И тогда она останавливается, сбившись с дыхания, и осматривается вокруг.
При виде туманных очертаний тропы ей становится не по себе. Она совсем узкая и заросла, раскидистые ясени по обеим сторонам создают почти живую преграду, тонкие ветви сплетаются друг с другом.
Что-то здесь не так. Может, она не туда свернула? Или вообще направилась в совершенно другую сторону? Здесь же должна быть нормальная тропа.
Сколько уже времени она идет? Десять минут? Пятнадцать?
Она должна быть уже на полпути к кемпингу и теперь уже достаточно хорошо изучила тропу, но не видит ничего знакомого.
Но потом, глядя на меняющийся пейзаж, Элин уже сомневается, что узнала бы его, даже если шла правильно. Она и не заметила, как сгустился туман, тонкие струйки превратились в нечто более плотное и непроницаемое.
Туман часто описывают как одеяло. Однако, наблюдая, как он клубится между деревьями, Элин решает, что сравнение в корне неверно. Одеяло – это нечто мягкое, успокаивающее. Статичное. И уютное.
Туман же нечто совершенно противоположное. Он живой, он движется, образуя разные формы, которые быстро растворяются, превращаясь во что-то совсем другое.

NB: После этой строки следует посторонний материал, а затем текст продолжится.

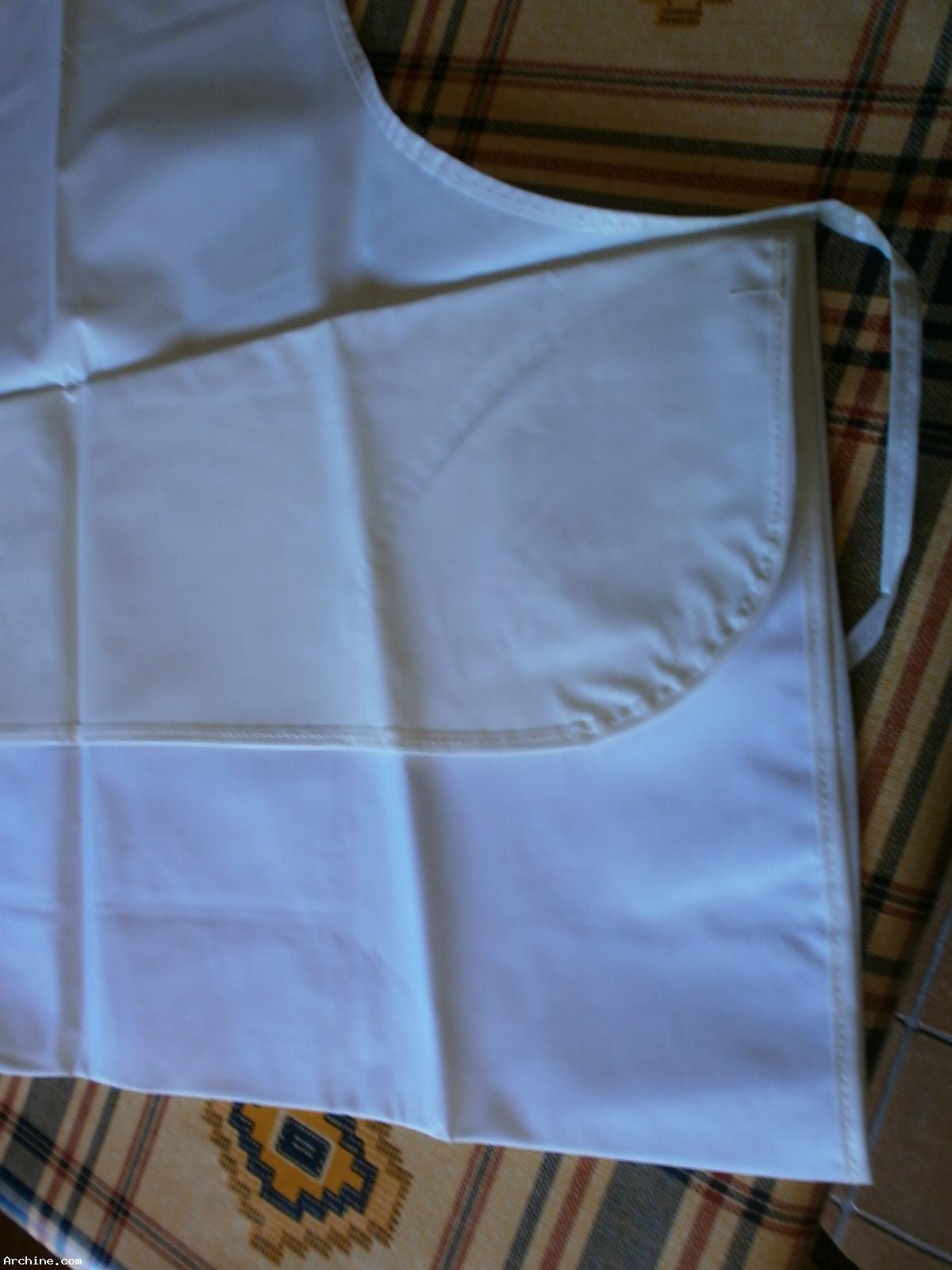 GRAND TABLIER BLANC EN TISSU PLASTIFIE ADULTE NEUF hauteur 110cm largeur 75cm

«Без паники», – говорит она себе и шагает дальше, прочесывая взглядом лес в поисках привычных ориентиров, но обычно такой многогранный пейзаж быстро превращается в сплошную пелену.

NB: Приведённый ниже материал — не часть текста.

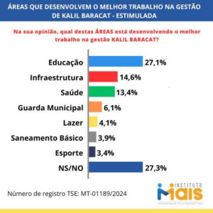 A pesquisa indica que a população de Várzea Grande está atenta ao trabalho que vem sendo desenvolvido pelas diversas secretarias municipais. A Educação, a Saúde e a Infraestrutura foram as mais citadas na pesquisa, o que demonstra que a população tem percebido o trabalho desenvolvido nestas áreas.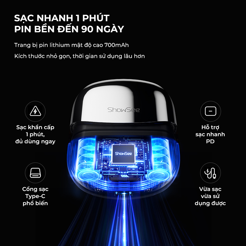 Trang bị pin dung lượng 700mAh, máy cạo râu cầm tay SHOWSEE KM10 cho thời gian hoạt động liên tục lên tới 90 phút sau mỗi lần sạc đầy. Đây là mức pin đủ để sử dụng trong nhiều ngày liền, giúp tiết kiệm thời gian sạc và đảm bảo sự tiện lợi khi mang theo. Mặc dù có thời lượng pin dài, máy vẫn hỗ trợ sạc nhanh chỉ trong khoảng 1 giờ nhờ cổng Type-C. Loại cổng sạc phổ biến này có thể dùng chung với nhiều thiết bị điện tử khác, giúp việc sạc trở nên linh hoạt hơn, đặc biệt hữu ích khi đi công tác hoặc du lịch. Sự kết hợp giữa dung lượng pin lớn và tốc độ sạc nhanh mang lại trải nghiệm tiện lợi, đáp ứng nhịp sống bận rộn hàng ngày.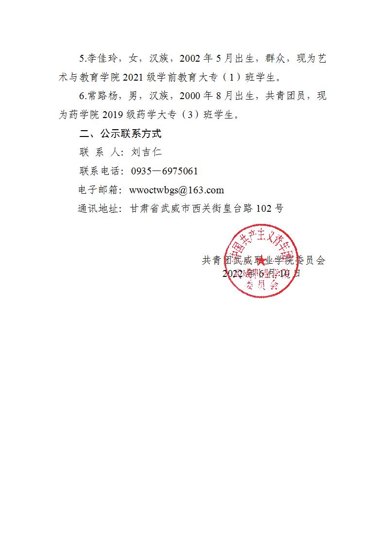 關于2022年“武威職業(yè)學院大學生自強之星”評選結果的公示

Обширную пустыню серой пустоты.
Она ничего не видит уже в нескольких метрах впереди, ясени превращаются в неясные контуры.

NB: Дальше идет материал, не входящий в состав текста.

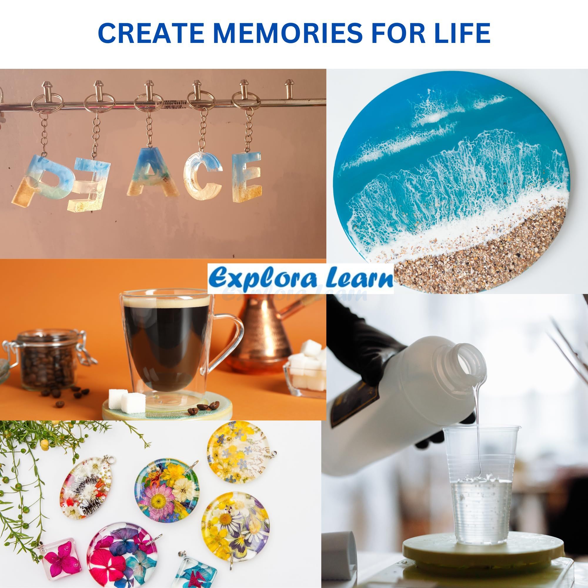 Exploralearn Ultimate Resin Art Kit - DIY Alphabet & Coaster Kit with Epoxy Resin and Silicone MoldsGet ready to explore the exciting world of resin art with the Exploralearn Ultimate Resin Art Kit. This versatile kit lets you create beautiful, personalized coasters and alphabet keychains using high-quality silicone molds and epoxy resin. Whether you're a beginner or a craft enthusiast, this kit has everything you need to bring your creative ideas to life. With a variety of decorative materials like mica powders, glitters, and flakes, your designs will be as unique as they are vibrant.Key Features:Alphabet Resin Molds: Craft your own customized resin alphabet keychains using the alphabet silicone molds included. Personalize each design with glitters, mica, and flakes for stunning results.Coaster Resin Molds: Make beautiful, functional resin coasters with the silicone coaster molds provided. Decorate them with the kits complete set of materials to create unique pieces youll love to display or gift.200 Grams of High-Quality Epoxy Resin: The kit includes 200 grams of clear, non-toxic epoxy resin and hardener. The easy-to-use 3:1 mixing ratio gives you ample working time to perfect your designs before they set.Complete Set of Resin Art Materials: From 3 mica powders and 2 types of flakes to 6 different glitters, everything you need to embellish your creations is included in this all-in-one kit.Beginner-Friendly: Designed with beginners in mind, this kit includes safety gear such as gloves and masks, along with tools like glasses and mixing sticks, ensuring a hassle-free resin crafting experience.Perfect DIY Gift for Adults: Looking for a thoughtful and creative gift? This resin art kit is perfect for adults who love DIY projects. With everything included to make custom alphabet keychains and resin coasters, its a fantastic way to inspire creativity.Bring your resin art visions to life with the Exploralearn Ultimate Resin Art Kitperfect for personal projects or gifting to your loved ones!

Там может скрываться кто угодно, и от этой мысли у Элин учащается пульс.
Там может скрываться он. Стид.
Следить за ней, как следил все последние месяцы.
И внезапно она чувствует тяжесть в груди. Как будто надвигается катастрофа.
Кончики пальцев покалывает.
У нее начинается паническая атака.
Элин уже давно не испытывала ее приступов. Был лишь легкий намек, когда в лагере взорвался трейлер и у нее перехватило дыхание, но сейчас все совсем по-другому. Она не успела опомниться, как все зашло слишком далеко, и вернуться к нормальному состоянию теперь не так-то просто.
Элин пробует глубоко вдохнуть, но не получается. Ее грудь словно придавило грузом. Сердце гулко колотится о ребра.
Элин сует руку в карман за ингалятором.
«Прекрати, – говорит она себе. – Ничего страшного не происходит. Все это временно. Тело просто реагирует на страх. Психологическая реакция, ничего более. И ты знаешь, что делать. Вдох на счет четыре и выдох на счет семь. Повторить».
Сосредоточившись, Элин заставляет себя медленно вдыхать и выдыхать.
Потихоньку она берет дыхание под контроль.
Когда пульс начинает успокаиваться, Элин решает, что теперь остается лишь одно – идти дальше. Может, она ближе к лагерю, чем думает, просто подошла немного с другой стороны. Впереди туман может и слегка рассеяться, и она сориентируется…
Ее мысли прерывает громкий шорох за спиной.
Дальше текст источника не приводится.